All paths are configured to have the Rust code and the JavaScript code side by side. The index.js will be in the src folder next to lib.rs. Feel free to adjust these if you prefer a different setup.

You’ll also notice that we use webpack experiments, a new option introduced with webpack 5. Make sure syncWebAssembly is set to true.

At last, we have to create the JavaScript entry point, src/index.js:

import("../pkg").catch(e => console.error("Failed loading Wasm module:", e)).then(
    rust =>
        rust.hello_world()
);

We have to load the Rust module asynchronously. The call rust.hello_world() will call a generated wrapper function, which in turn calls the Rust function hello_world defined in lib.rs.

Running npm run serve should now compile everything and start a development server. We defined no HTML file, so nothing is displayed on the page. You’ll probably also have to go to http://localhost:8080/index manually, as http://localhost:8080 just lists the files without executing any code.

Once you have the blank page, open the developer console. There should be a log entry with Hello World.

Alright, that was quite a bit of work for a simple hello world. But now that all’s in place, we can easily extend the Rust code without worrying about any of this. Upon saving changes to lib.rs, you should automatically see a recompilation and a live update in the browser, just like with JavaScript!

When to Use Rust

Rust is not a general replacement for JavaScript. It can only run in the browser through Wasm and this limits its usefulness quite a bit. Even though you could replace virtually all JavaScript code with Rust if you really wanted to, that’s a bad idea and not what Wasm has been created for. For example, Rust isn’t a good fit for interacting with the UI of your website.

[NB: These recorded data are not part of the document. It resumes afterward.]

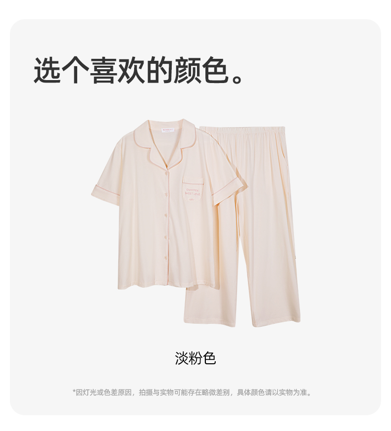 【商场同款】熳洁儿 短袖七分裤家居服春夏开衫套装95棉25203222
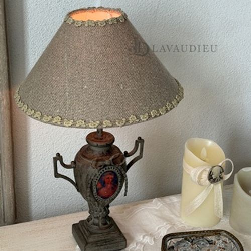- 유럽 앤틱스탠드 갓 교체용 빈티지 린넨 패브릭 쉐이드 레이디가드너
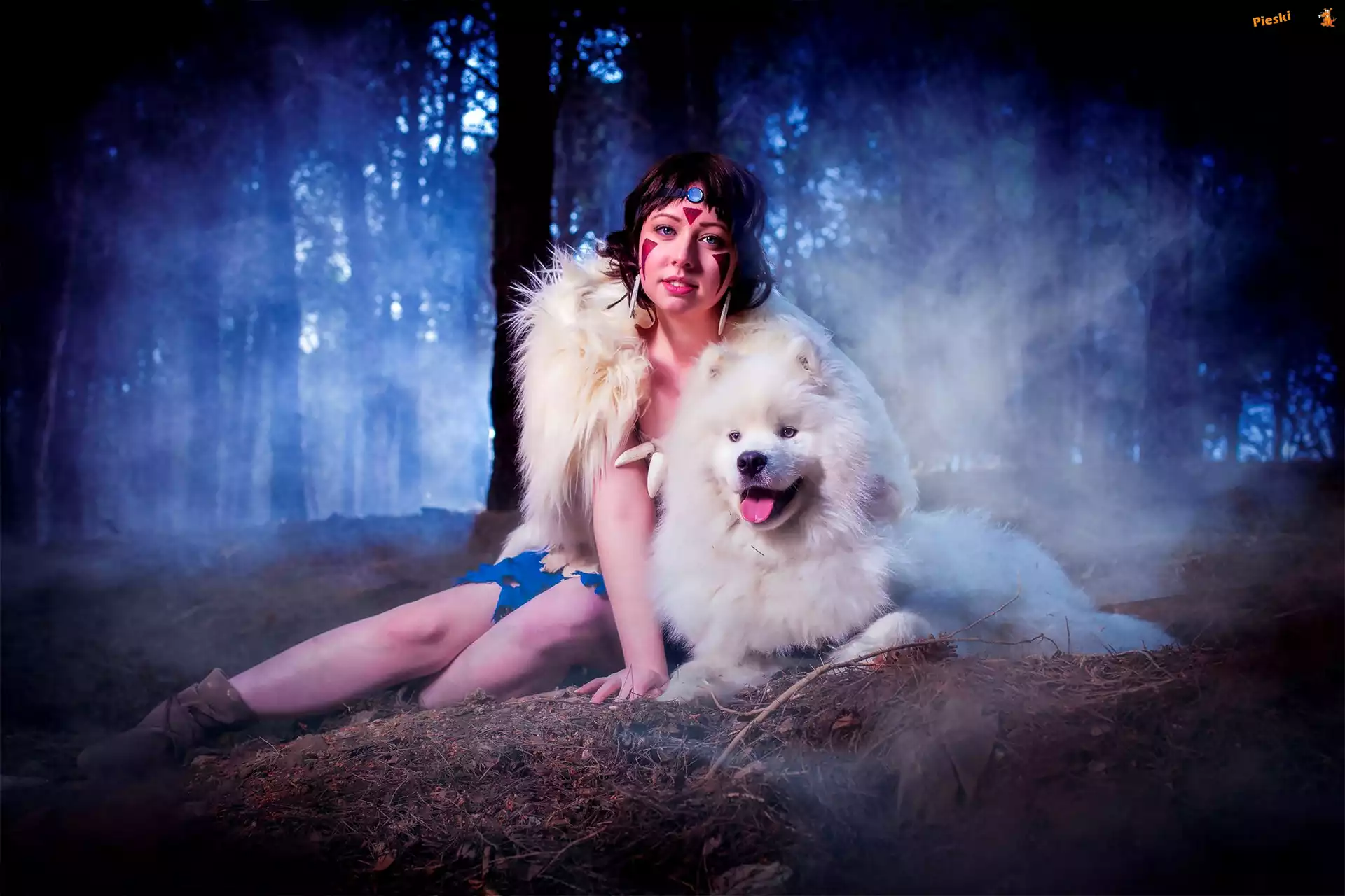 Samojed, Kobieta, Pies, Las, Pieski

I think of Rust + Wasm as an additional option that can be used to run a CPU-heavy workload more efficiently. For the price of larger download sizes, Wasm avoids the parsing and compilation overhead that JavaScript code faces. This, plus strong optimizations by the compiler, potentially leads to better performance. This is usually why companies pick Rust for specific projects. Another reason to pick Rust could be language preference. But this is a completely different discussion that I won’t get into here.

Corona Infection Simulator

It’s time to create a real application that reveals the true power of Rust in the browser! Below is a live CodePen demo. If you’d rather look at it in full size, click here. A repository with the code is also available.

See the Pen
Corona Simulator Rust Demo App
by SitePoint (@SitePoint)
on CodePen.

The grid at the bottom contains cells, which are our simulation objects. A red square represents a cell infected with the virus. By clicking on individual cells, you can add or remove infections.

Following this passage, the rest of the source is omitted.